*Task description*. Output must consist only of the lines of the material below from the one with "本场比赛中,马刺的先发控卫达" through the one with "Shock Proof Flip", each reproduced exactly; no pictures belong in it.

*Records supplied*.
——

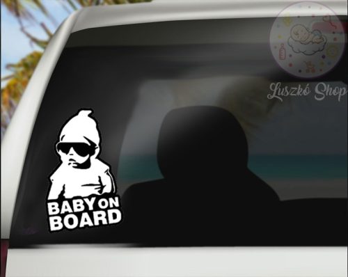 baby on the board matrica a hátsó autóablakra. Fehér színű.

——

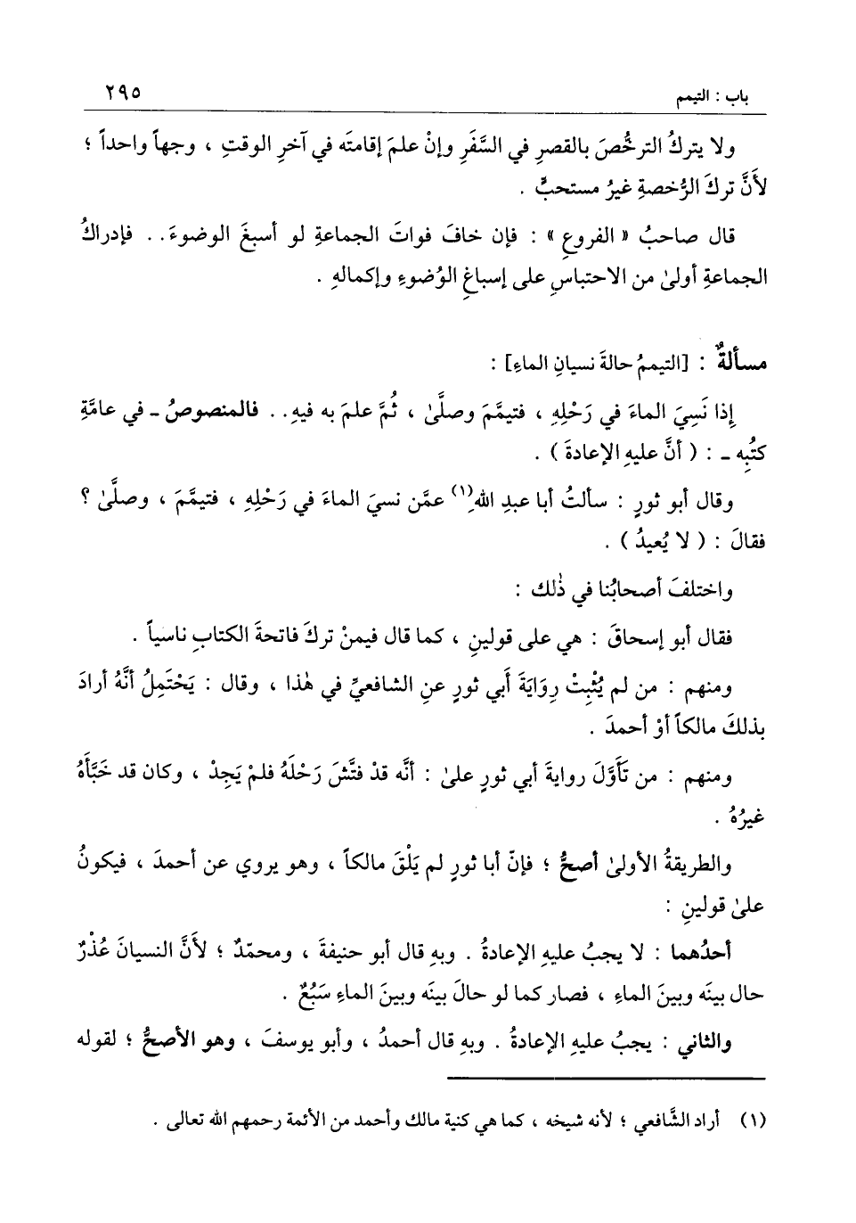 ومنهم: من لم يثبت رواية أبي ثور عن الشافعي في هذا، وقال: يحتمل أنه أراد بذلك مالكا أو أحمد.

——

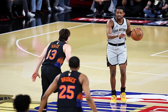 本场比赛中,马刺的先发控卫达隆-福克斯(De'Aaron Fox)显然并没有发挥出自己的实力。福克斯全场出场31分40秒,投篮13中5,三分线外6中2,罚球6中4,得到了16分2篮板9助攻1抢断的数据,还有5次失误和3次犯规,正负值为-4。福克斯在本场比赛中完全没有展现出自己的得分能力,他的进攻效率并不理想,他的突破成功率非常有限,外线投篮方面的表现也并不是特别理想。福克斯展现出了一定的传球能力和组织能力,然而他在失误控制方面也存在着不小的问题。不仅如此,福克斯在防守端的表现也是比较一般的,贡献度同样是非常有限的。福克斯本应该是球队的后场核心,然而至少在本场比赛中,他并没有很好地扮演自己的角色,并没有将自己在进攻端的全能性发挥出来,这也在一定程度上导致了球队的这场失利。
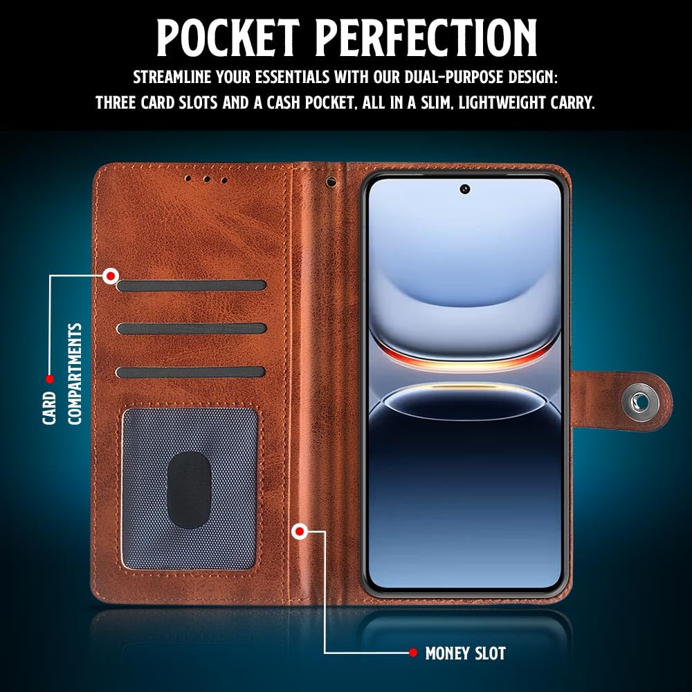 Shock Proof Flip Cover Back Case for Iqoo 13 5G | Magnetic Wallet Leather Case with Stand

——

*Output of the task*.
 本场比赛中,马刺的先发控卫达隆-福克斯(De'Aaron Fox)显然并没有发挥出自己的实力。福克斯全场出场31分40秒,投篮13中5,三分线外6中2,罚球6中4,得到了16分2篮板9助攻1抢断的数据,还有5次失误和3次犯规,正负值为-4。福克斯在本场比赛中完全没有展现出自己的得分能力,他的进攻效率并不理想,他的突破成功率非常有限,外线投篮方面的表现也并不是特别理想。福克斯展现出了一定的传球能力和组织能力,然而他在失误控制方面也存在着不小的问题。不仅如此,福克斯在防守端的表现也是比较一般的,贡献度同样是非常有限的。福克斯本应该是球队的后场核心,然而至少在本场比赛中,他并没有很好地扮演自己的角色,并没有将自己在进攻端的全能性发挥出来,这也在一定程度上导致了球队的这场失利。
 Shock Proof Flip Cover Back Case for Iqoo 13 5G | Magnetic Wallet Leather Case with Stand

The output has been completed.